# Tinting Plastic windows



## torrhead (Oct 20, 2007)

HI, looking advise on tinting the two rear windows in my M/Home. As they are not glass the normal method of application, as used on cars, is not suitable. Has any member used a product that is suitable for this task. Any advise appreciated.
Thanks,
Bob.


----------



## raynipper (Aug 4, 2008)

I have tinted several large RVs with the stick on film. I don't see why it wouldn't work with your window product if it is smooth. 

I would do a practice window first as usually the first one is a mess. Both the glass (perspex) and the film needs to be sprayed with a slightly soapy water solution to allow movement. Squeegee the moisture out when finally positioned. Trim round the edges with a new Stanly blade. Wait to dry overnight and seal the edges with a clear nail varnish.

Ray.


----------



## camoyboy (May 9, 2005)

The problem with using the stick on type of tinting film on acyrlic windows is the differential in expansion when they get hot. Acrylic expands more than the film and this will result in a cracked window.

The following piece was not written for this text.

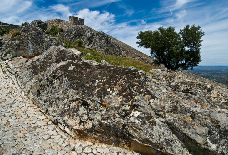 После Порталегре Саша куда-то сворачивает и мы едем по совсем уж узкой дорожке. Вдали на непонятно откуда вылезшей горе виднеется что-то похожее на крепость. Это Марвао (Marvao), весьма серьезный оплот, послуживший многим народам, начиная с кельиберийцев.

Having said that, I went ahead and tinted the bathroom window of our previous Rapido about 7 years ago using this material, and as far as I am aware it is still intact.

The guy who tints our windows at work said the material used in the accessory shops may be more flexible than the more proffesional kit, and that is why I got away with it.

Colin


----------



## torrhead (Oct 20, 2007)

Thanks folks for the quick response, I tried to apply the film material which turned out like a lunar landscape it had that many air bubbles in it.


----------



## raynipper (Aug 4, 2008)

torrhead said:


> Thanks folks for the quick response, I tried to apply the film material which turned out like a lunar landscape it had that many air bubbles in it.


Exactly....... you need to practice.

Ray.


----------



## bigcats30 (Aug 13, 2012)

torrhead said:


> Thanks folks for the quick response, I tried to apply the film material which turned out like a lunar landscape it had that many air bubbles in it.


Next time use water with washing up liquid in it :wink:


----------